9. sPLA2-IIA in Neurodegenerative Diseases
9.1. Alzheimer’s Diseases
Despite extensive studies on sPLA2 in infectious and inflammatory diseases, relatively little is known about their role in neurodegenerative diseases. In an early study, autopsy samples from AD patients showed a 4-fold increase in levels of sPLA2-IIA mRNA in AD hippocampi as compared to non-demented elderly brains [93]. Double staining of brain sections also showed a high level of sPLA2-IIA-immunoreactivity in the glial fibrillary acidic protein (GFAP) astrocytes and in the Aβ-containing plaques. In this study, stimulation of cultured astrocytes with Aβ42 and IL-1β resulted in increase in sPLA2-IIA immunoactivity [93]. Furthermore, another study showed that sPLA2-IIA secreted from astrocytes could regulate APP processing in neuronal cells [94]. Taken together, these studies demonstrated a clear correlation between sPLA2-IIA in reactive astrocytes around the amyloid plagues in AD brain.
9.2. Cerebral Ischemia
The lack of sPLA2-IIA in many mouse strains has precluded studies to examine its role in cerebral ischemia using the murine model systems. However, in a study using a rat model in which cerebral ischemia was induced by occlusion of the middle cerebral artery (MCAO), measurement of sPLA2-IIA mRNA expression indicated a biphasic increase at 30 min and at 12 h to 14 days [95]. In situ hybridization of sPLA2-IIA mRNA in the brain sections showed an early-phase increase in the affected ischemic cortex and a later phase increase mainly in the penumbral area. Immunohistochemistry and confocal microscopy of the brain sections indicated sPLA2-IIA immunoreactivity associated mainly with reactive astrocytes [95]. Administration of a nanocrystal formulation of PX-18, a sPLA2 inhibitor, exerted neuroprotective effects in a cerebral ischemia/reperfusion model in gerbils [96].
9.3. Spinal Cord Injury
A study using a spinal cord injury (SCI) model indicated localization of sPLA2-IIA in oligodendrocytes but not in astrocytes or Schwann cells [97]. In this study, sPLA2-IIA was shown to play a role in mediating oligodendrocyte death after SCI. Quantitative reverse transcription polymerase chain reaction (RT-PCR) analysis indicated upregulation of sPLA2-IIA and IIE mRNA in the rat spinal cord as early as 4 h after injury. Interestingly, besides sPLA2-IIA and IIE, other sPLA2 isoforms such as sPLA2 1B, IIC, V, X and XII, were also present in the spinal cord [97].
Recently, sPLA2 has been implicated in early spinal mechanisms of neuronal excitability and nociception.

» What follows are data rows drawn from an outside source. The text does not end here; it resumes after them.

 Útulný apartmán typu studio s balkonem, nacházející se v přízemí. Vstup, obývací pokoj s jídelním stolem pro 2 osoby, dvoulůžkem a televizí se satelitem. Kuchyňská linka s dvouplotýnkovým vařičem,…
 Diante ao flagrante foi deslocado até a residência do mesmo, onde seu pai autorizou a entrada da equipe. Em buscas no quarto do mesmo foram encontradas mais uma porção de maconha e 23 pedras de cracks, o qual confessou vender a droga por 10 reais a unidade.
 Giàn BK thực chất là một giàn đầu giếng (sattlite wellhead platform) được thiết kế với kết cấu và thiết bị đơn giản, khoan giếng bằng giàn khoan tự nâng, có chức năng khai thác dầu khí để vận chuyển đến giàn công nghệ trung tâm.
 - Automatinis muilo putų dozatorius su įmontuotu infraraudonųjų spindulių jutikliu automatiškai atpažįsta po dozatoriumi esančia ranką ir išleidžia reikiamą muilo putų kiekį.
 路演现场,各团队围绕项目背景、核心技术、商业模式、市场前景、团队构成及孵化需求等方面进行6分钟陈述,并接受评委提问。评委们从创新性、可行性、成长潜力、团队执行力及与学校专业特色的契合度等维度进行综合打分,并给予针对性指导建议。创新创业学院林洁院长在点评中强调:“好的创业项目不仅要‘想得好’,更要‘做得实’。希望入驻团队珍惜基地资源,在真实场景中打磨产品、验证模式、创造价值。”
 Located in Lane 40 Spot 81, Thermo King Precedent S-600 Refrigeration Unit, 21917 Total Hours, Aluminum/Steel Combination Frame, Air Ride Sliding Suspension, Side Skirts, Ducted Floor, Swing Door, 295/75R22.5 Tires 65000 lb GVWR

In a study with a rat nerve root compression model, administration of sPLA2 inhibitor ameliorated mechanical allodynia and attenuated the increase in inflammatory factors (IL-1β, TNFα and IL-1α) due to the injury [98]. These findings agree with the role of sPLA2 regulating neuronal excitability, possibly related to the glutamate signaling and inflammatory cascades. In addition, the increase in inflammatory responses, nerve root compression is also associated with neuropathic pain. Neurochemical and immunohistochemical study identified glial activation together with increases in PLA2 and 8-hydroxyguanosine (8-OHG), a marker of oxidative stress [99]. Treatment with meloxicam (a COX-2 inhibitor) not only reduced activation of astroglial cells, but also prevented neuropathic pain and the oxidative stress in the nerve compression model [99]. To further imply action of sPLA2, thioetheramide-phosphorylcholine, a sPLA2 inhibitor, was shown to attenuate mechanical allodynia and neuronal excitability in this spinal cord injury model [98]. Indeed, loading this sPLA2 inhibitor in phospholipid micelle form proved to be a promising therapeutic target for suppressing neuropathic pain [100].

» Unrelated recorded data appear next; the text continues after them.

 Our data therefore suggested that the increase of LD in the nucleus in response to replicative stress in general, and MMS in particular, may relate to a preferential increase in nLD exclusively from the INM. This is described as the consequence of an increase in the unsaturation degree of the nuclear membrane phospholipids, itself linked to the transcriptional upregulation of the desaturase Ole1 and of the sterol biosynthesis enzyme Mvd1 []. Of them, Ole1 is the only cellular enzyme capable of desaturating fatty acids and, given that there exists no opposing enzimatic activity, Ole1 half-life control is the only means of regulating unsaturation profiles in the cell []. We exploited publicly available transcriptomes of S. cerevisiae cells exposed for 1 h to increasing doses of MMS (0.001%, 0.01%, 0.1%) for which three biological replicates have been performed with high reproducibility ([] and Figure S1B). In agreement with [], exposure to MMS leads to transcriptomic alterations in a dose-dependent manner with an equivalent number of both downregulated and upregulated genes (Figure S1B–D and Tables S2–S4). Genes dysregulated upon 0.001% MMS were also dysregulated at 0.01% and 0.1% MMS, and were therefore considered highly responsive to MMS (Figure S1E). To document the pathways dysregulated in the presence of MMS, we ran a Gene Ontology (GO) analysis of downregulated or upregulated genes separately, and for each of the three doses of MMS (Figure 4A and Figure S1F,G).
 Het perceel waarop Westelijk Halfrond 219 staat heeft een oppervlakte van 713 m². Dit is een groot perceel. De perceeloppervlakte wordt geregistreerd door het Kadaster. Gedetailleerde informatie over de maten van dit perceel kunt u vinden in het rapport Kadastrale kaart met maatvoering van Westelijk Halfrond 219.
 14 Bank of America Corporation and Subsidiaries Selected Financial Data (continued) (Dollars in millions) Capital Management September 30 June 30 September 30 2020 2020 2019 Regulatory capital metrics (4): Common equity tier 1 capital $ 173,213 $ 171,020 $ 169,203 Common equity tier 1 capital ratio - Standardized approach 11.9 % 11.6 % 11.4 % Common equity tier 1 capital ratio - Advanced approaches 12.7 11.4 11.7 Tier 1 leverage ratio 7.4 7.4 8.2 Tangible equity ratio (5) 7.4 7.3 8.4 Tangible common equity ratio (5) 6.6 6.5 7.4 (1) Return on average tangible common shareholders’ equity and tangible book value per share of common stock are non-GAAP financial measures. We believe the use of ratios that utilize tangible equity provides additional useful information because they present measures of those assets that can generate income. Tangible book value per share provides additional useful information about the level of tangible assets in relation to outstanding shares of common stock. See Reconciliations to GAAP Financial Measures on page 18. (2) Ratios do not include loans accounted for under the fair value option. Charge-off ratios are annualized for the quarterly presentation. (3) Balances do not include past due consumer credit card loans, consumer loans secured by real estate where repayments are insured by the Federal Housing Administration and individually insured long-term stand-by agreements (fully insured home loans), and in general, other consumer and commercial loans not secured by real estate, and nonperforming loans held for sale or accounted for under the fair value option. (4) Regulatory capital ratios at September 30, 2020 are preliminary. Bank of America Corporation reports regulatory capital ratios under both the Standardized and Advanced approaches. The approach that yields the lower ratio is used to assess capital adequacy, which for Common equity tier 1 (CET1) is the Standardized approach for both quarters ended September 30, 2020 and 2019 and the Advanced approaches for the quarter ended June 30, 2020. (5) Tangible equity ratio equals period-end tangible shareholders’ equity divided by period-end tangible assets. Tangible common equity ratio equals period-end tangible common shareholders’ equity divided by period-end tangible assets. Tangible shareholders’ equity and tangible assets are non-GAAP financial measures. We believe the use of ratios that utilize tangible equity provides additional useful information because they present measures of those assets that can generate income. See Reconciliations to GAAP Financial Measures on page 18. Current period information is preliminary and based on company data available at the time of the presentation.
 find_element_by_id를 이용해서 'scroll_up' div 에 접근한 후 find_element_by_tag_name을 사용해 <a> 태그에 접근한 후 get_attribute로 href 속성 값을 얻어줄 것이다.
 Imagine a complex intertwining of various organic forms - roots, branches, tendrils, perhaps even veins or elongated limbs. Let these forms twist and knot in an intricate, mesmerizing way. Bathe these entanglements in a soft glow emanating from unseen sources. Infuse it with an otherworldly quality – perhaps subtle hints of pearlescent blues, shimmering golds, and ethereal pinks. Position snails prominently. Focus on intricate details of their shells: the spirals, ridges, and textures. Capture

10. PLA2 and Lysophospholipids
In addition to the release of sn-2 fatty acids, the enzymatic action of PLA2 also produces lysophospholipids which are known for their detergent-like properties. These molecules can modify properties of the membrane lipid bilayer and be transported effectively across the blood–brain barrier (BBB). In fact, recent studies suggest the use of lysophospholipids as a carrier for fatty acids. Dietary DHA administered in the form of LPC was shown to enhance brain phospholipids with DHA better than with the free fatty acid alone [101,102]. Recent studies indicated transport of DHA-lysophospholipids to brain through a specific Na-dependent transporter “major facilitator superfamily domain containing 2a (Mfsd2A)” expressed in the endothelium of the blood brain barrier (BBB) [103,104]. This transporter is also present in different mammalian species. A cryo-electron microscopic study reveals 12 transmembrane helices and an amphipathic cavity containing the Na+ and lysolipid binding site [105]. The important role of this transporter in brain pathology is demonstrated by a recent study showing a genetic variant of this protein to cause congenital microcephaly and hypomyelination [106,107]. Consequently, more studies are needed to understand the physiological role of this transporter for enrichment of DHA in the brain.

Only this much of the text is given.